Our processes does flash freeze it. Maybe that's the difference. I assumed all processors did this anymore. 
We did the vacuum package a steer ago and got freezer burn and off tasting fat. We weren't impressed. Went back to paper wrapped.


----------



## oregon woodsmok (Dec 19, 2010)

There's not much to eat, there.

I can see some knapweed and some mullein and suggest that you spot spray that with herbicide before you bring the cattle. Roundup makes a blackberry killer that will kill knapweed if you keep after it. It doesn't do any good to pull it. Another plant will come up from every little bit of root that is left in the ground.

I'd top seed and hope for some rain. I like the native bluegrass and some orchard grass for pasture on the dry side of the PNW. You can put out some seed oats, too, to give the pasture a jump start. It will give you some nice forage but it won't come back the next year.

That's a beautiful property but the pasture looks badly over-grazed. It will come back if you baby it for a couple of years. Don't put too many animals on it until it recovers. ( 2 cows won't be a problem this year, but 50 head is flat out abuse.)


----------



## oregon woodsmok (Dec 19, 2010)

Filson, if you are going to top seed, go down to the feed store or Big R and buy a copy of The Capitol Press newspaper. In the back, in the classified section, the grass seed growers advertise and you can buy pasture grass seed direct from the grower.

They might all be sold out this time of year, but later in the summer, you can get the very freshest seed at a reasonable price.


----------



## Filson (May 22, 2013)

Thanks for all the replies, everyone!

I don't plan on getting any steers to raise this year, and am thinking more in the 2-3 year range. That gives me some time to fix up the pasture, fencing, and the time to do other stuff around the farm (not to mention time to learn a bit).

The big issue right now, is that we do not have a tractor yet.
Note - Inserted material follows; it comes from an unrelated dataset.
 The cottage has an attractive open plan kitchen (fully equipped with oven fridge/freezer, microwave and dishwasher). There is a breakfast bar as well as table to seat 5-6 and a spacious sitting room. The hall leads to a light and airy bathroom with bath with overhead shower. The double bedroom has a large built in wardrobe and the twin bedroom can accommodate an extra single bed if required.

I am active on tractor forum learning about things there before making a purchase. I've already realized that due to the things I want to do with the property with a tractor, the size of land (may be buying the neighboring 20 acres as well), and so on, that I will eventually need more tractor than I can afford any time soon. That's fine, I don't mind saving up a bit, but for now, we'll be picking up something that will get us by on the cheap.
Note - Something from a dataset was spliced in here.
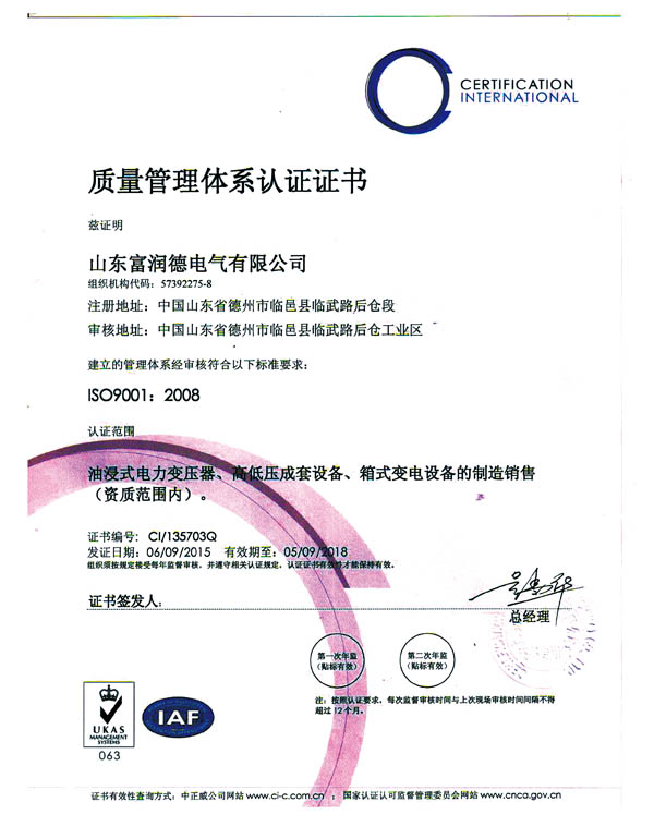 ISO9001:2008質(zhì)量管理體系認(rèn)證證書 -

Once we get a tractor, I'll mow the field to chop those weeds down. If I top seed - what all equipment would I need to get? Sounds like it would be pretty helpful.

As for keeping the meat - I'll need to check the chest freezer we have down in the cellar to see how cold it can keep things. Thanks for the input! Makes me feel better that meat will last longer than I was thinking.


----------



## idigbeets (Sep 3, 2011)

I'd get a 3pt sickle bar mower. You'll find you get faster regrowth using a sickle mower vs a brushhog mower. If you are making hay you *could* use the sickle to cut and then need a rake and a baler. In my neck of the woods a field ready sm. square baler is about 2500, rake probably around 1500-2500 unless you go with a rotary rake and you're more like 5k. 
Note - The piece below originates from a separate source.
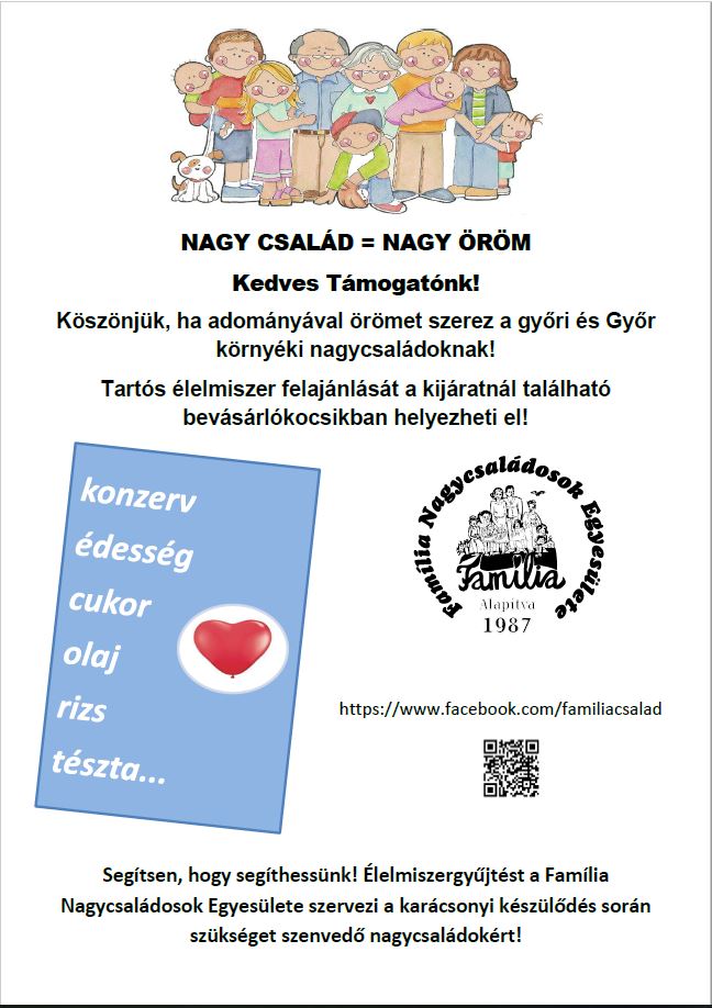 A nagy család nagy örömöt is jelent, ez a szlogenje annak a jótékonysági gyűjtésnek, amelyet november 15-17. között tartanak a győri Metro Áruházban. A szervező a Família Nagycsaládosok Egyesülete, amelynek önkéntesei mindenki szeretettel várnak, aki segíteni tud. A tartós élelmiszereket a kijáratnál található bevásárlókocsiba tehetnek bele.

I'd look for about a 70hp tractor IMO.


----------



## V-NH (Jan 1, 2014)

If you're really concerned about the weeds, you could throw a few goats out there and they'll eat up all of the weeds over the course of the summer. You could then sell them again, keep them, or even eat them.


----------



## oregon woodsmok (Dec 19, 2010)

Filson said:


> ......... If I top seed - what all equipment would I need to get? Sounds like it would be pretty helpful........


I've top seeded 40 acres with just a 5 gallon bucket and my hand, to hand broadcast the seed.

It is more fun with a tractor and a seed spreader, but it can be tossed out there by hand. With a little practice, you can get a nice even coverage by hand broadcasting.

In fact, I can get a more even coverage with hand broadcasting than I can get with a spreader. It's just that it involves a lot of walking and swinging of your arm. Builds character, as they say.


----------



## WadeFisher (Sep 26, 2013)

oregon woodsmok said:


> I've top seeded 40 acres with just a 5 gallon bucket and my hand, to hand broadcast the seed.


You are more of a man than me! :yuck:



> It is more fun with a tractor and a seed spreader, but it can be tossed out there by hand. With a little practice, you can get a nice even coverage by hand broadcasting.


I use a 50 hp tractor that has 3pt hitch, pto driven broadcaster. The kind of broadcaster you get at the Tractor Supply for $400.
I fertilize and seed with the spreader.



> In fact, I can get a more even coverage with hand broadcasting than I can get with a spreader. It's just that it involves a lot of walking and swinging of your arm. Builds character, as they say.


:gaptooth:

If you are going to hand broadcast get the 'Earthway' over the shoulder spreader. I have had one for several years and it is much better than others I have had. You can cover a lot of ground with this and it is not much money.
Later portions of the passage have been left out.